Günümüzde sosyal medyaya bulaşmayan, haşır neşir olmayan insan neredeyse yok gibi. Hepimiz Facebook veya Twitter kurduyuz artık. Hatta ikisine birden vâkıf olanlar da var. Bu tür internet siteleri insanların beğenilerini, hayranlıklarını, kızgınlıklarını, tepkilerini veya yorumlarını özgürce dile getirdiği platformlar olarak dikkat çekiyor.

Ülkesinde yahut dünya üzerinde cereyan eden hadiseler karşısında herkes kendi bakış açısından filizlenen bir fikre sahip. Ayrıca fikrini dile getirmekte oldukça özgür. Bu da demektir ki meydana gelen olaylar hakkında binlerce farklı bakış açısıyla karşı karşıya kalıyoruz. Bu fikir ayrılıkları öyle yüksek düzeyde ki, aynı meskende hayatlarına devam eden bir aileye mensup bireyler bile hakkında konuştukları hadiseler için çok farklı yorumlar yapabiliyorlar.

Fikirlerin birbirleriyle çarpışması çok büyük bir zenginlik meydana getirir fakat beyan edilen fikirlerdeki ortak noktanın tahammülsüzlük olması endişe verici. Yazının başında sosyal medyadan bahsetmemin sebebi ise insanların fikirlerini toplumda sosyalleşerek değil sosyal medyadan anlatma yolunu seçmesi. İnsanların fikirlerinin insan içine karışmadan sadece sosyal medyada gördükleriyle oluşması birçok dezavantajı da beraberinde getiriyor.

"Nefret" gerekli mi?

İnsanların; fikir yapısını benimsemeyen, ideolojilerinin ters düştüğü kimselere bakış açılarının “nefret” kelimesini çağrıştırması ise gerçekten çok vahim. Birbirlerinin fikirlerine saygı duymak bir yana dursun, birbirlerine karşı en ufak bir tahammül kırıntısı bile göstermekten aciz hale gelmiş insanlara dönüştük.

Sadece zıt görüşlere sahip olanlar arasında değil, aynı temellere oturtulmuş fikir yapılarına sahip olanlar arasında dahi tahammülsüzlük had safhada; giymekten keyif aldıkları kıyafetler, okumaktan mutlu oldukları kitaplar, kendilerine seçtikleri rol modeller yüzünden hem de.

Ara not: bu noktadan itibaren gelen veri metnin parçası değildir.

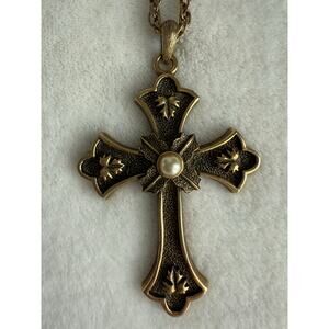 This beautiful, large, gold-tone pendant cross necklace is in excellent condition.
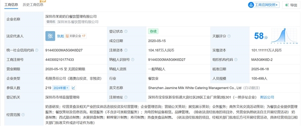 天眼查显示,茉莉奶白关联公司深圳市茉莉奶白餐饮管理有限公司成立于2020年5月,法定代表人为张彪,注册资本约104万元,由深圳市茉莉奶白控股有限公司、FRAGRANT TEA LIMITED共同持股。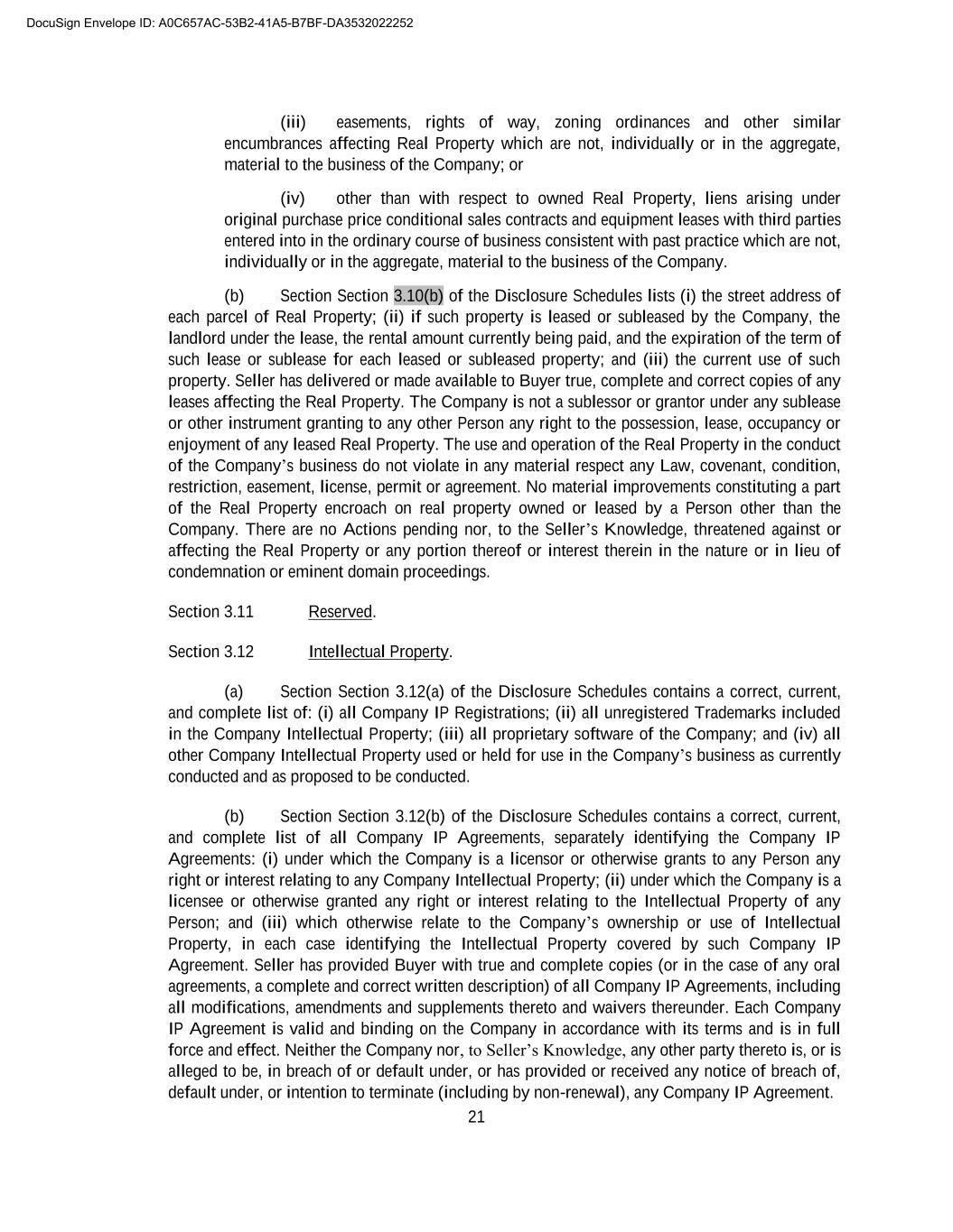 21 (iii) easements, rights of way, zoning ordinances and other similar encumbrances affecting Real Property which are not, individually or in the aggregate, material to the business of the Company; or (iv) other than with respect to owned Real Property, liens arising under original purchase price conditional sales contracts and equipment leases with third parties entered into in the ordinary course of business consistent with past practice which are not, individually or in the aggregate, material to the business of the Company. (b) Section Section 3.10(b) of the Disclosure Schedules lists (i) the street address of each parcel of Real Property; (ii) if such property is leased or subleased by the Company, the landlord under the lease, the rental amount currently being paid, and the expiration of the term of such lease or sublease for each leased or subleased property; and (iii) the current use of such property. Seller has delivered or made available to Buyer true, complete and correct copies of any leases affecting the Real Property. The Company is not a sublessor or grantor under any sublease or other instrument granting to any other Person any right to the possession, lease, occupancy or enjoyment of any leased Real Property. The use and operation of the Real Property in the conduct of the Company’s business do not violate in any material respect any Law, covenant, condition, restriction, easement, license, permit or agreement. No material improvements constituting a part of the Real Property encroach on real property owned or leased by a Person other than the Company. There are no Actions pending nor, to the Seller’s Knowledge, threatened against or affecting the Real Property or any portion thereof or interest therein in the nature or in lieu of condemnation or eminent domain proceedings. Section 3.11 Reserved. Section 3.12 Intellectual Property. (a) Section Section 3.12(a) of the Disclosure Schedules contains a correct, current, and complete list of: (i) all Company IP Registrations; (ii) all unregistered Trademarks included in the Company Intellectual Property; (iii) all proprietary software of the Company; and (iv) all other Company Intellectual Property used or held for use in the Company’s business as currently conducted and as proposed to be conducted. (b) Section Section 3.12(b) of the Disclosure Schedules contains a correct, current, and complete list of all Company IP Agreements, separately identifying the Company IP Agreements: (i) under which the Company is a licensor or otherwise grants to any Person any right or interest relating to any Company Intellectual Property; (ii) under which the Company is a licensee or otherwise granted any right or interest relating to the Intellectual Property of any Person; and (iii) which otherwise relate to the Company’s ownership or use of Intellectual Property, in each case identifying the Intellectual Property covered by such Company IP Agreement. Seller has provided Buyer with true and complete copies (or in the case of any oral agreements, a complete and correct written description) of all Company IP Agreements, including all modifications, amendments and supplements thereto and waivers thereunder. Each Company IP Agreement is valid and binding on the Company in accordance with its terms and is in full force and effect. Neither the Company nor, to Seller’s Knowledge, any other party thereto is, or is alleged to be, in breach of or default under, or has provided or received any notice of breach of, default under, or intention to terminate (including by non-renewal), any Company IP Agreement. DocuSign Envelope ID: A0C657AC-53B2-41A5-B7BF-DA3532022252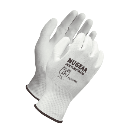 Enjoy superior grip and comfort with these white polyester gloves. The white polyurethane coating on the palms and fingers provides excellent abrasion resistance and durability. The seamless, 13-gauge polyester fiber knit shell adds extra flexibility, ensuring a comfortable fit. With an EN388 rating of 4131X, these gloves are great for light industrial work, warehousing, and packaging. Don't sacrifice performance for comfort; choose these gloves for optimal protection and tactile sensitivity. Available in multiple sizes to fit your needs.

Etrafımıza baktığımız zaman çok net bir biçimde görüyoruz ki ülkelerini daha iyi yöneteceğini düşündükleri, kendileri destekledikleri parti dışındaki partilerin yöneticilerini vatan haini, o partileri destekleyenleri ise cahil olarak niteleyenler; hayatlarını dine adamayanları bu dünyada gereksiz görenler; kendi ırkından olmayanları yok sayanlar; sürekli ezildiklerini öne sürüp, yıllarca özlemini çektikleri haklarına ulaşan ancak bu sefer de herkesin sahip olduğundan daha fazlasını isteyen insanlar türedi.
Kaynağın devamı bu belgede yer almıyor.